Des années plus tard, lorsque par un pied de
nez du destin je me suis retrouvé à
Athènes, et pour sept ans en plus, j'ai repensé
à ce livre. Une fois que j'ai pu me débrouiller
en grec, j'ai demandé à mon frère
de me l'envoyer. J'ai lu le titre du livre en un clin
d'il. Je n'arrivais pas à y croire, je l'ai
relu, et relu, et relu encore... Mais ce que je lisais
n'était pas du grec ! C'était écrit
avec l'alphabet grec, mais c'était du turc
!
3
C'était
du karamanli, c'est-à-dire du turc écrit
avec l'alphabet grec. Je me réjouis de posséder
un livre si intéressant et si précieux...
Cherchant dans les tas de livres d'un bouquiniste
à Athènes, j'avais trouvé beaucoup
de livres en turc. Le propriétaire qui connaissaient
mes centres d'intérêt me dit : "j'ai
en ma possession quelques livres publiés en
Asie Mineure. Ils doivent être écrit
en grec ancien, car c'est incompréhensible".
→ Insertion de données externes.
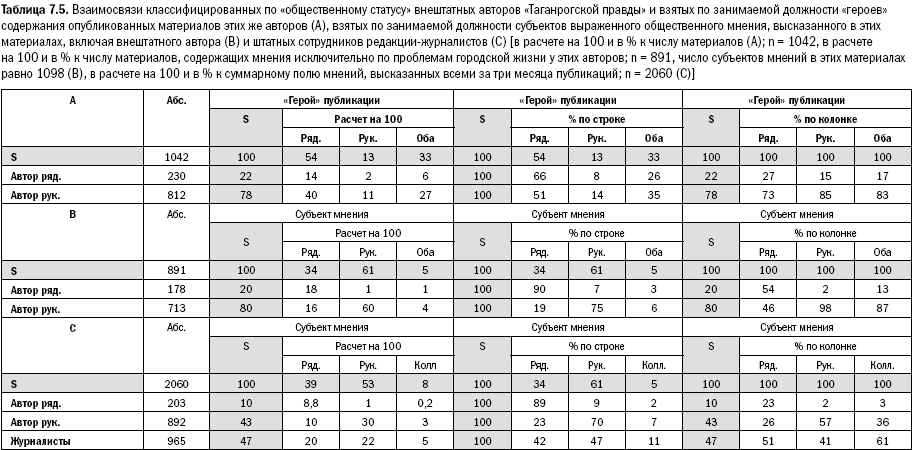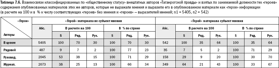Теперь мы видим, что внештатники, выполняющие руководящие и пропагандистско-идеологические функции (54 % + 11 % + 8 %) в масштабах города и отдельных предприятий и учреждений дают более трех четвертей публикаций, выражающих мнения и оценки состоянию дел городской жизни. Если взять общее поле упоминаний субъектов деятельности – «героев» публикаций (табл. 7.6), то «авторами-руководителями» дается почти вшестеро большая доля упоминаний «героев». И при этом в 72 % от этих упоминаний руководящие авторы пишут о рядовых «героях». Рядовые же авторы описывают «героические деяния» руководящих субъектов деятельности почти в 20 раз (!!!) меньшей долей упоминаний (2 %).

Et pour trouver ces livres, il monta à l'aide
d'une échelle à roulette et à
crochet au niveau de la dernière étagère
qui se trouvait à au moins huit-neuf mètres
du sol. Parmi des centaines de livres, il en prit
trois 4 comme s'il les avait
mis de ses propres mains, et il redescendit tout doucement
comme il avait monté. Ces livres étaient
écrits en karamanli, mais pour vous dire la
vérité, je ne lui ai dit cela qu'une
fois avoir payer et acheter les livres ! On peut débattre
sur le niveau de moralité de mon attitude.
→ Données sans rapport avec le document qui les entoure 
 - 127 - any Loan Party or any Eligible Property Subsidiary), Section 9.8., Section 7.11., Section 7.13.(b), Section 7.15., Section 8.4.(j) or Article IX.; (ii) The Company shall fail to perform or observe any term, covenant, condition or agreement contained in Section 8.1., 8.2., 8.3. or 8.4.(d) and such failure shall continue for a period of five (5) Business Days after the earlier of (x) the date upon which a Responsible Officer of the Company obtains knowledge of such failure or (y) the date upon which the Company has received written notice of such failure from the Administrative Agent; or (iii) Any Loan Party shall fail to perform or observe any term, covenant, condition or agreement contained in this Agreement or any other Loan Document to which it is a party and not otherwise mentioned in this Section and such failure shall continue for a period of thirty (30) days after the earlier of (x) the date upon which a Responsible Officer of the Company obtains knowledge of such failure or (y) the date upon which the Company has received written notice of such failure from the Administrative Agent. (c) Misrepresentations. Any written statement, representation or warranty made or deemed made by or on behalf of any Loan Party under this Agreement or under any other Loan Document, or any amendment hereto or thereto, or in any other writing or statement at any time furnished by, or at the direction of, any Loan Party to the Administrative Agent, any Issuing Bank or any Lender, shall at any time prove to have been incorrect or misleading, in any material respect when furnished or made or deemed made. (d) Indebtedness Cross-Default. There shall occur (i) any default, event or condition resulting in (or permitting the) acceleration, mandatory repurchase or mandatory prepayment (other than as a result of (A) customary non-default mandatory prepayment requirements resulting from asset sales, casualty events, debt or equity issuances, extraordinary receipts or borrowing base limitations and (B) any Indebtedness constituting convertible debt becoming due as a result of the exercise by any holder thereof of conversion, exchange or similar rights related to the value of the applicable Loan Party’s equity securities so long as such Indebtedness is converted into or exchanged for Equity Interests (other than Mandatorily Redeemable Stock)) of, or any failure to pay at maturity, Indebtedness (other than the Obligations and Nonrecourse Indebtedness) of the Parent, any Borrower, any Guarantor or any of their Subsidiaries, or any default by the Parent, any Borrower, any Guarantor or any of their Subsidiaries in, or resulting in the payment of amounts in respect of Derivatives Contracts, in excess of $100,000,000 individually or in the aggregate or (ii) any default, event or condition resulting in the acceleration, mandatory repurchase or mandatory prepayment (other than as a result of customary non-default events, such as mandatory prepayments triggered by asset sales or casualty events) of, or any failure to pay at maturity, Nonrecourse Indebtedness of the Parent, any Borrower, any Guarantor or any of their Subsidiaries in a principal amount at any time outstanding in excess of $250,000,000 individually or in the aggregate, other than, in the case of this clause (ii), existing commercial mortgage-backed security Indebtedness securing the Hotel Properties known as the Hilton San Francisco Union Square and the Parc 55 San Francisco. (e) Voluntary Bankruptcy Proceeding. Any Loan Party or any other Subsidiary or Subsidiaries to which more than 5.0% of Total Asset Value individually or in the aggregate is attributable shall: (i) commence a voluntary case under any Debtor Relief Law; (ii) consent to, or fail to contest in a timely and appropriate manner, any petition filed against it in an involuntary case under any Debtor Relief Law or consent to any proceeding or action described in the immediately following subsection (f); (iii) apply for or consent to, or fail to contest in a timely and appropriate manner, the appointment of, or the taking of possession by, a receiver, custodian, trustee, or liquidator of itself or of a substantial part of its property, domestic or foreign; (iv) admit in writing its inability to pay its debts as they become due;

D'un autre côté, les passionnés
de livres et les collectionneurs d'objets anciens
le savent, lorsque vous faites ressentir que vous
connaissez la valeur, l'origine et le genre de l'objet
que vous cherchez ou que vous trouvez, il est certain
que la valeur de cette objet sera multipliée
par deux ou trois.
À
ce propos, je vais vous narrer un souvenir. C'était
mes premiers mois à Paris. Après être
sorti des cours de français à la Sorbonne,
j'eu envie de me promener. J'aperçus une petite
boutique d'antiquités dans une rue reculée
du quartier de l'Odéon. Je suis rentré
pour y jeter un coup d'oeil, ou plutôt j'ai
essayé d'y entrer. Un coffre rempli de centaines
de tableaux de toutes dimensions attira mon attention,
et j'ai commencé à les regarder. Une
demi-heure se passa ainsi que soudain, j'ai eu l'impression
de voir des traits familiers. Tous les tableaux de
ce coffre étaient soit sans signature, ou soit
signés par des peintres inconnus. Leur prix
variait entre cent à trois cent francs. En
regardant attentivement le tableau, j'ai compris qu'il
avait été réalisé par
Fikret Mualla. D'ailleurs, son nom était visible.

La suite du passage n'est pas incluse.